A serious Amazon Web Services outage has extended well into its second day, but Amazon said Friday the end is in sight for most affected customers of the cloud-computing infrastructure.
"We continue to see progress in recovering volumes, and have heard many additional customers confirm that they're recovering. Our current estimate is that the majority of volumes will be recovered over the next 5 to 6 hours," Amazon said on its AWS status dashboard at 8:49 a.m. today. Volumes are areas of Amazon's Elastic Block Storage (EBS) service that store data.
But for some customers, the news isn't so good. In some cases, Amazon has to restore data from backups made yesterday, a time-consuming process. "We anticipate that those will take longer to recover," Amazon said, without making any predictions about just how long.

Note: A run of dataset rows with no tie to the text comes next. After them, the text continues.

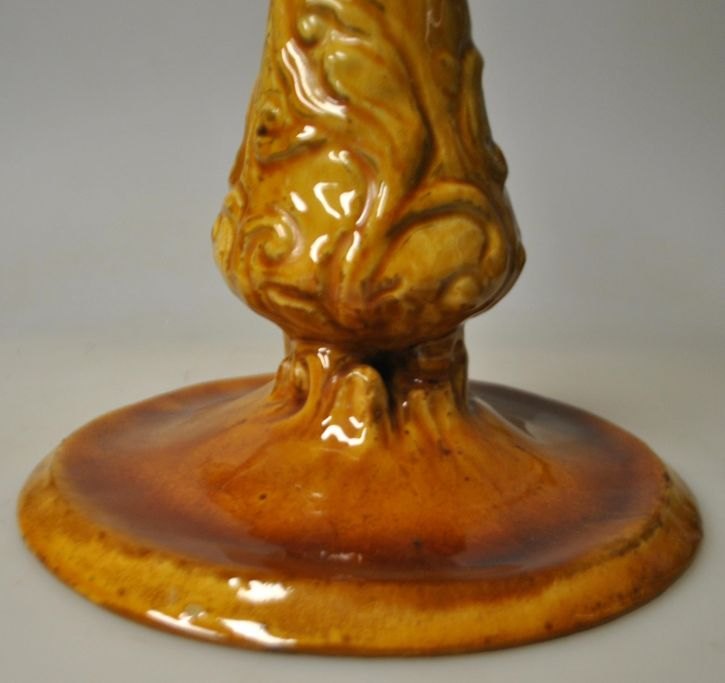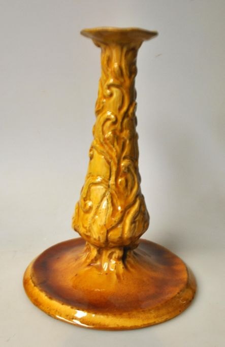 Hammershøj, Svend (1873 - 1948) Danmark: Lysestage. 1904 - 1908. Glaseret lertøj. Gul uran glaseret. Med ornamentik. Udført ved H. A. Kähler i Næstved. H.: 23 cm. Dia. fod: 16,5 cm.
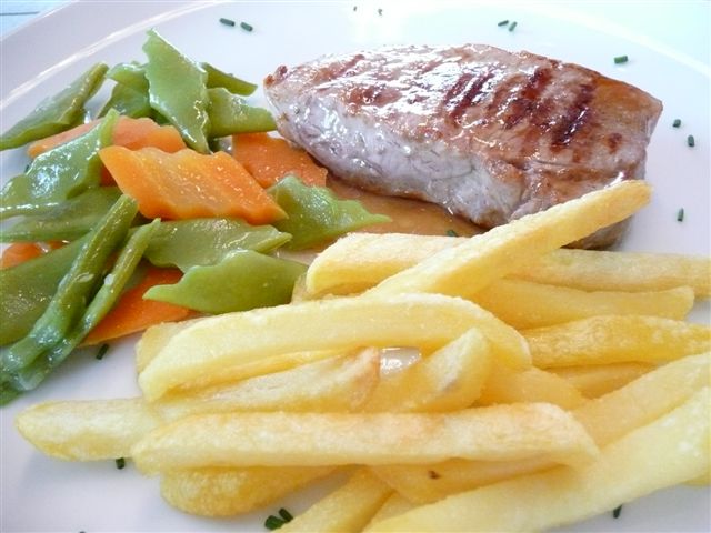 Crambe, der Teller ist von Hutschenreuther, wie heißt die Serie?Die Tiefkühleraktion geht weiter:Heute gab's Steak und ein Paket Hirsebällchen mit Gemüse und natürlich gemischten Salat
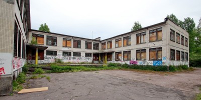 Типовой двухэтажный детский сад был построен в 1971 году. Он выполнен крупноблочным и в плане имеет форму буквы Н.

AWS is a flagship example of one facet of cloud computing, a flexible collection of online computing services that can ramp up and down according to varying needs, with customers getting a flexible infrastructure and paying only for what they consume. At the same time, though, when a widely used service goes down, many suffer. In AWS' case, the problems with some services in the East Coast region laid low many Internet operations, including the Web sites of Quora, Sencha, Reddit, and FourSquare, and services that relied on Heroku.
Amazon's Elastic Compute Cloud (EC2) service, Relational Database Service, and Elastic Beanstalk service have been affected by the outage. The problem was first logged at 1:41 a.m. PT yesterday, the result of a "networking event" that triggered a cascade of other problems.
Struggling to restore the service has clearly been a taxing effort for Amazon. "The team continues to be all-hands on deck trying to add capacity to the affected Availability Zone to re-mirror stuck volumes. It's taking us longer than we anticipated to add capacity to this fleet," Amazon said late last night.